- _Problem statement_:
Look below for the line that has "染料の材料となるたで藍も自家菜園で栽培"; output exactly from it through the line that has "Die Polizisten in", and leave the pictures out.

Dataset items:
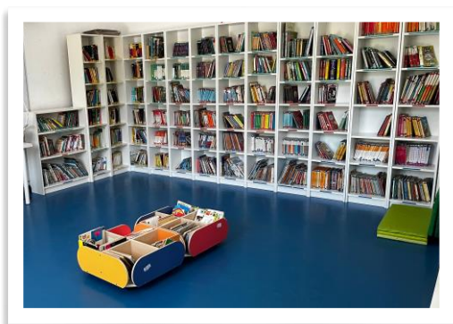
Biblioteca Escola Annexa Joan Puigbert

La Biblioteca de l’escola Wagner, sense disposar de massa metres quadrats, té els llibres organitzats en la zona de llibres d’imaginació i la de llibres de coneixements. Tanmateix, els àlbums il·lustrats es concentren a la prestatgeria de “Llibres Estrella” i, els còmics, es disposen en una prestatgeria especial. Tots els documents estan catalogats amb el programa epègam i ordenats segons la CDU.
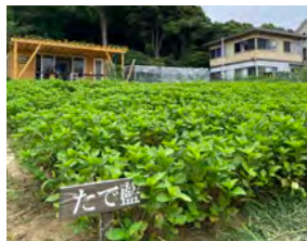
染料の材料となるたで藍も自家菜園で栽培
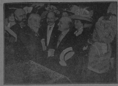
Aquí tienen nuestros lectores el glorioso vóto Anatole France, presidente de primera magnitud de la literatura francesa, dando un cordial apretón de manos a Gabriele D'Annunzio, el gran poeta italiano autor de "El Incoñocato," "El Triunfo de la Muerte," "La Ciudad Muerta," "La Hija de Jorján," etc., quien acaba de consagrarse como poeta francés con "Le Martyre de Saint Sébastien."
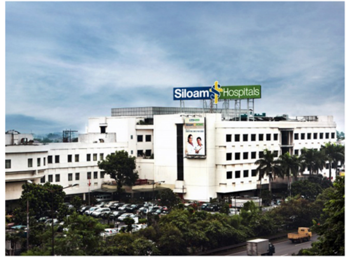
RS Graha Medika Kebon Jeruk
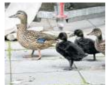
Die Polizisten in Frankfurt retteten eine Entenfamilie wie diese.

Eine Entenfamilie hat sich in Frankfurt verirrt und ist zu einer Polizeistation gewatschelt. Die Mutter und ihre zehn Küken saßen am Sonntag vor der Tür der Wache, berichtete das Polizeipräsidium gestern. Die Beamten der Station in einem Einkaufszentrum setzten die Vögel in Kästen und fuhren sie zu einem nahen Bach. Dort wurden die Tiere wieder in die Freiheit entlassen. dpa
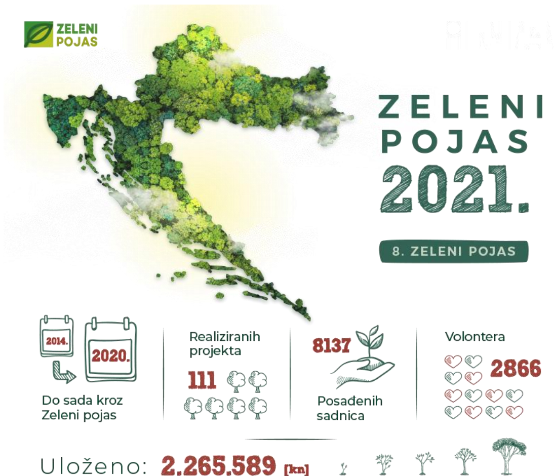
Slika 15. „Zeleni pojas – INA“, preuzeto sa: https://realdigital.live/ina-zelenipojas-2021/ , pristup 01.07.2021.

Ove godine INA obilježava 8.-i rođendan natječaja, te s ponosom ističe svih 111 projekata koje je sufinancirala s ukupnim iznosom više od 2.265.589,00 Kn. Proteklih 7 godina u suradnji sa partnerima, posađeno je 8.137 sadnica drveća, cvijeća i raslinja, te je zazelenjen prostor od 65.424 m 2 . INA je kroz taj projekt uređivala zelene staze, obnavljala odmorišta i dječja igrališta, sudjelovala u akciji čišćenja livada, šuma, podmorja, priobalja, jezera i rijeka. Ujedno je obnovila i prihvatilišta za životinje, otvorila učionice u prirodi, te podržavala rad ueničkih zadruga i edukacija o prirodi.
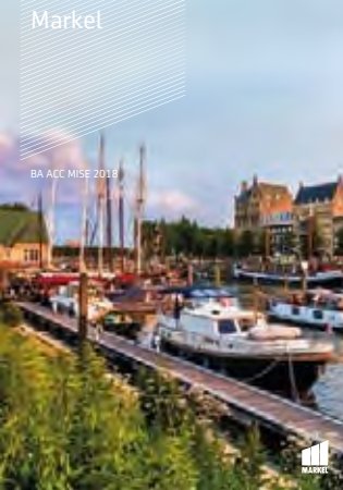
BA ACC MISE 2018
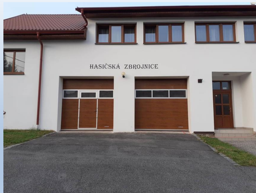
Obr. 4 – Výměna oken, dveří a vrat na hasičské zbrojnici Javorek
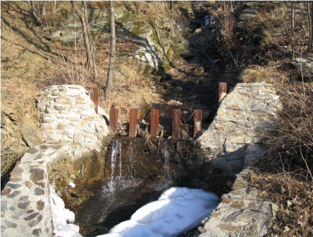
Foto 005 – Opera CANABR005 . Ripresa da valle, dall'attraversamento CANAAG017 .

- _Reply to the task_:
染料の材料となるたで藍も自家菜園で栽培
Aquí tienen nuestros lectores el glorioso vóto Anatole France, presidente de primera magnitud de la literatura francesa, dando un cordial apretón de manos a Gabriele D'Annunzio, el gran poeta italiano autor de "El Incoñocato," "El Triunfo de la Muerte," "La Ciudad Muerta," "La Hija de Jorján," etc., quien acaba de consagrarse como poeta francés con "Le Martyre de Saint Sébastien."
RS Graha Medika Kebon Jeruk
Die Polizisten in Frankfurt retteten eine Entenfamilie wie diese.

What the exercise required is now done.